There’s a theme running through our workplace this year. It’s as simple as it is profound. It’s not revolutionary; it’s more of a reminder.

It’s all about focus.

Focus matters. Focus works. Focus wins.

The “what” and “how” of focus are somewhat obvious. We need to set clear priorities, narrow our agenda to initiatives that significantly elevate performance, add resources to projects that will have an impact, and let go of distractions that dilute our effectiveness.

The “why” of focus might be less obvious. We focus out of necessity. To the extent we choose to believe this is not a necessity, we either overwhelm ourselves in the endless regression of task lists or we embark on so many things with so little precision that we risk accomplishing little at all.

Focus requires us to make critical choices, to sort our many priorities into real priorities. When we ask why we are forcing ourselves to focus, the answer becomes clear. It’s the best chance we have of testing a bold thesis against a data-driven outcome. When we have evidence something works, we can double down on it. When the data shows otherwise, we can comfortably move on and reallocate always-limited resources.

When talking to musicians, you often hear there is as much importance in the notes that aren’t played as those that are. A composition is a series of choices. It even encompasses a structured use of rests. Poetry and rhetorical speech are similar. There are words left in and words extracted in the creative process to keep the emphasis on the words that remain.
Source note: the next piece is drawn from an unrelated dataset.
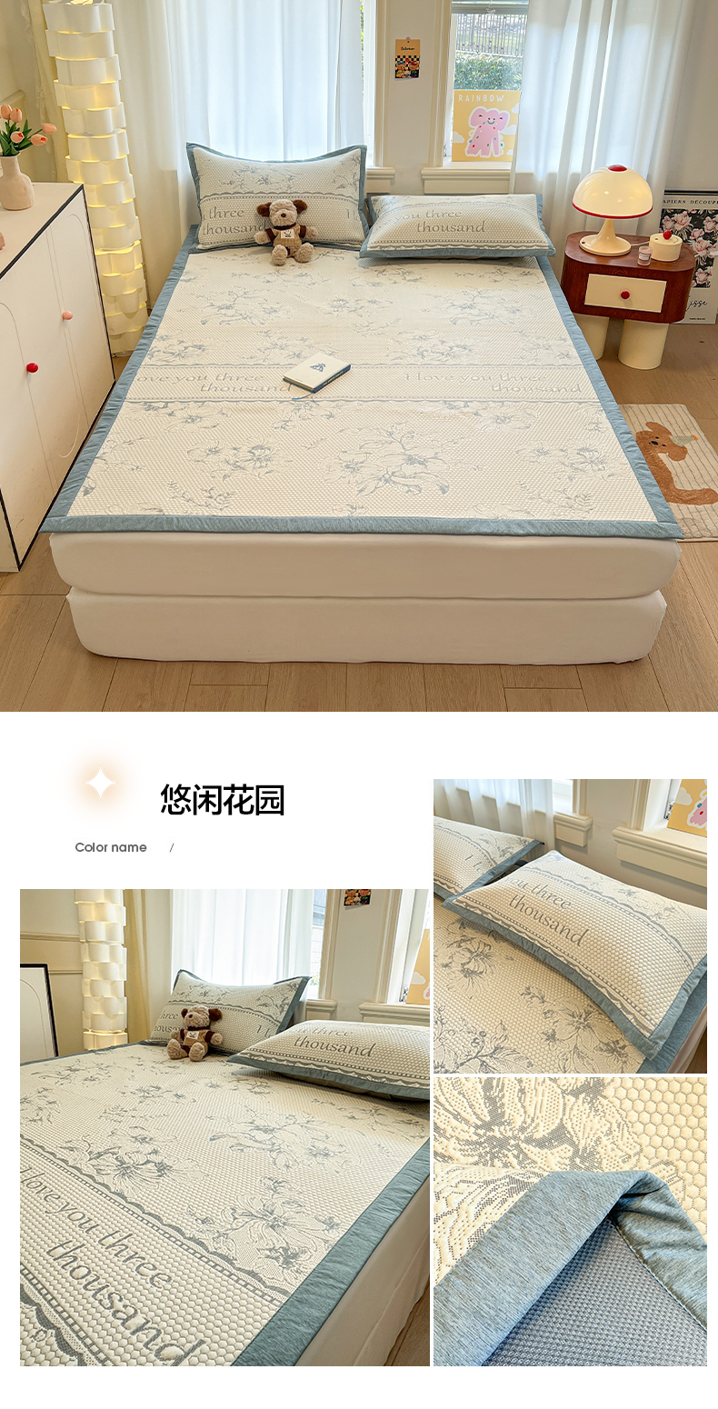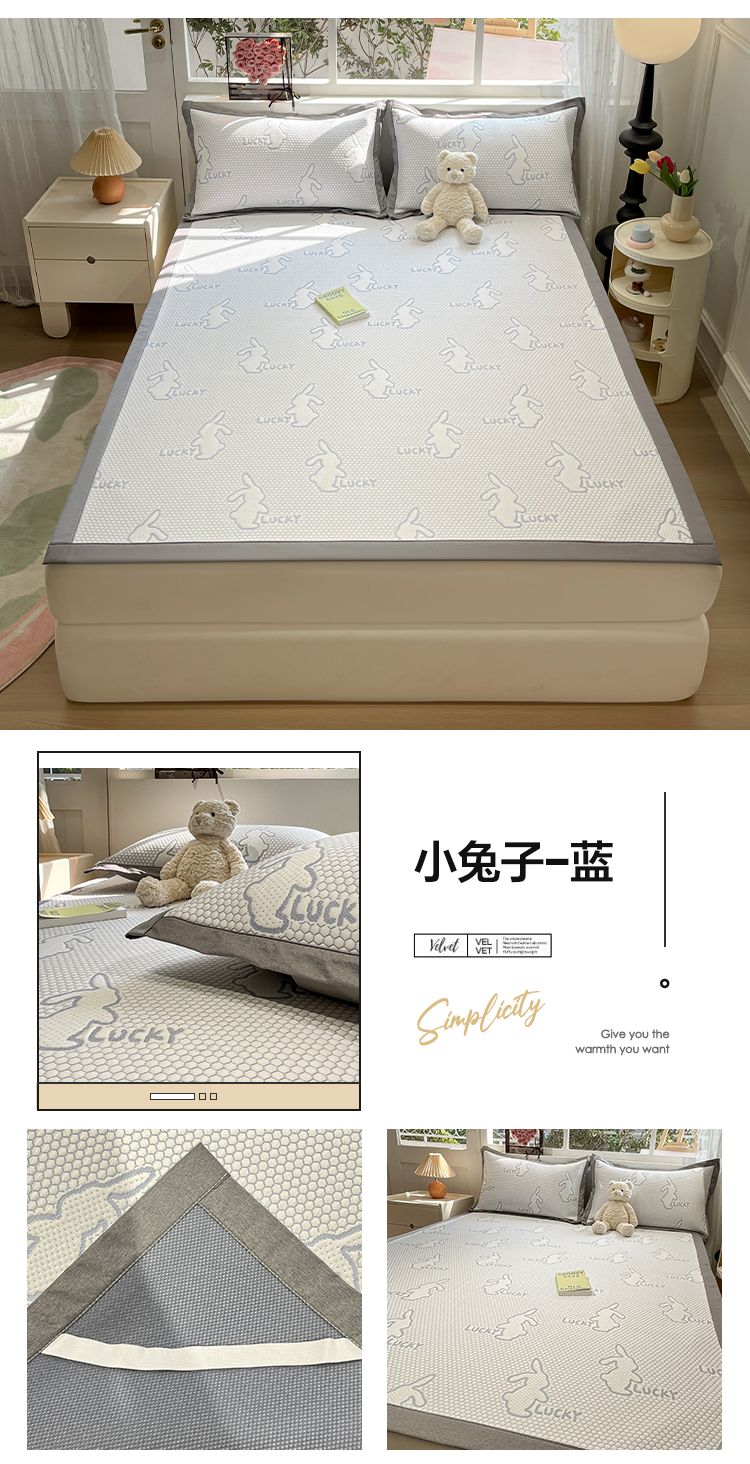 (总)雅居纺家纺 2026新款A类加厚三明治底提花小清新凉感席床单款凉席席子,粉小兔,复古花园,蝴蝶结猫咪,领结小猫,平安熊猫,山茶花,太空星球,晚安小狗,小恐龙-粉,小兔郁金香-粉,小兔子-粉,小兔子-蓝,小熊熊,星星小熊,熊猫竹子,叶子,悠闲花园

Work is similar. We have endless choices for tasks, but time is forever in short supply. Not focusing is the same as not applying discipline to our business plans. It’s somewhat ironic that working oneself to exhaustion can be a reflection of lazy planning. Pick the wrong projects, pick too many of them, put in endless hours, and you might come up with nothing.

That’s another reason why we focus  — to have confidence that the hours we invest are in fact invested for a prescribed return and not squandered on trivial contributions.

When we fail to focus, we nibble around the edges.

When we focus, we apply editorial selection to our competitive obsession.

I recently corresponded with a colleague on how easy it is to get lost in the day-to-day. Yes, a text will pop up every few minutes, email is without end, the phone will ring with the latest crisis when we least want to be interrupted. If we start the year with focus and then look back on the year with an evaluation of that focus, it becomes clear if those interruptions derailed us from critical focus. We have to anticipate interruptions — they are unavoidable — but if we did the hard work of applying focus upfront and then did the even harder work of staying focused on those priorities, the interruptions are unlikely to derail us.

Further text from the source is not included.